WORK ORDER -> Without the pictures, output all of the data exactly.

GIVEN MATERIAL ->
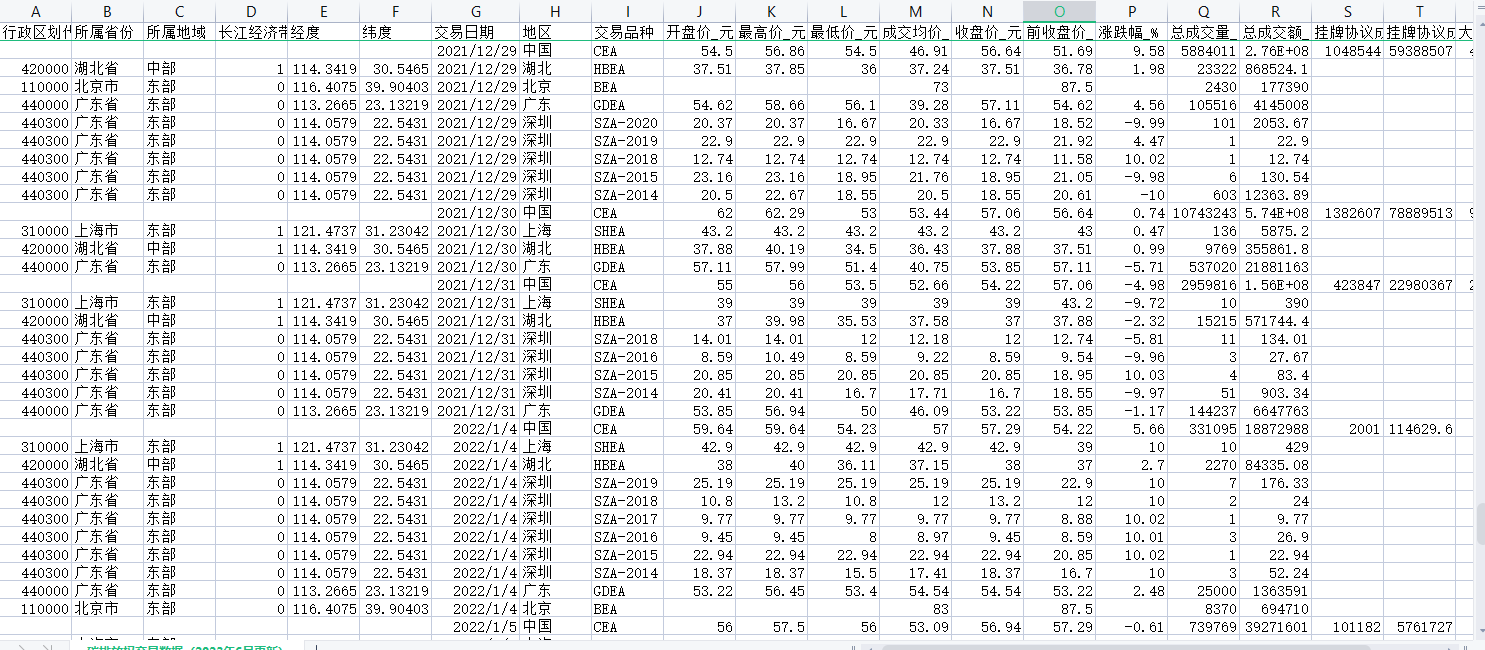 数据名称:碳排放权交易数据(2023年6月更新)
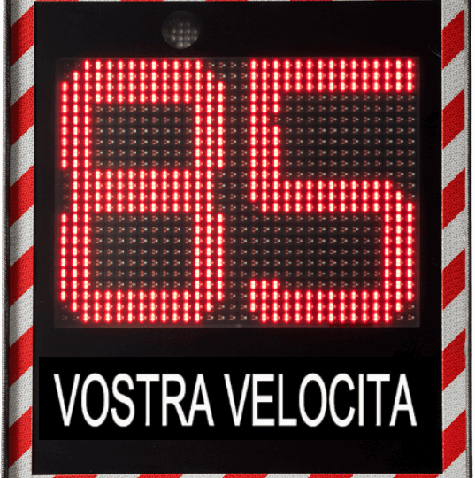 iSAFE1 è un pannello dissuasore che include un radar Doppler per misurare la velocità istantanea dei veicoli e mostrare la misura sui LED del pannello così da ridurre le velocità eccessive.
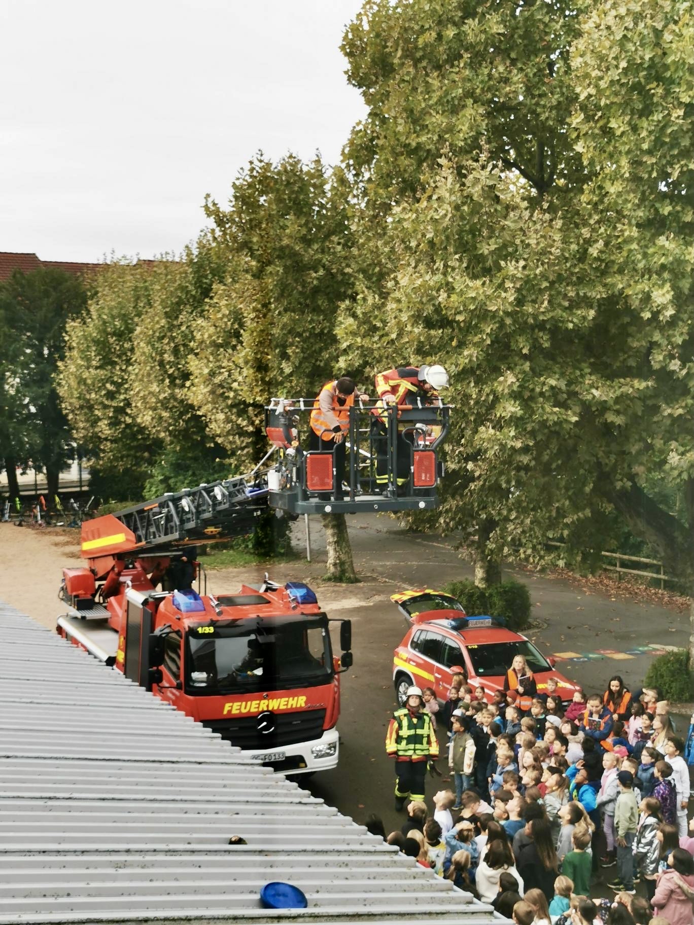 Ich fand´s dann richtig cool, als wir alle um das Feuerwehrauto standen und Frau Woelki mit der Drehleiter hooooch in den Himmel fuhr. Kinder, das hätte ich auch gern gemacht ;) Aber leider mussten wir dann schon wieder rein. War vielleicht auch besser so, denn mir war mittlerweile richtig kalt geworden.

RESULT OF THE TASK ->
 数据名称:碳排放权交易数据(2023年6月更新)
 iSAFE1 è un pannello dissuasore che include un radar Doppler per misurare la velocità istantanea dei veicoli e mostrare la misura sui LED del pannello così da ridurre le velocità eccessive.
 Ich fand´s dann richtig cool, als wir alle um das Feuerwehrauto standen und Frau Woelki mit der Drehleiter hooooch in den Himmel fuhr. Kinder, das hätte ich auch gern gemacht ;) Aber leider mussten wir dann schon wieder rein. War vielleicht auch besser so, denn mir war mittlerweile richtig kalt geworden.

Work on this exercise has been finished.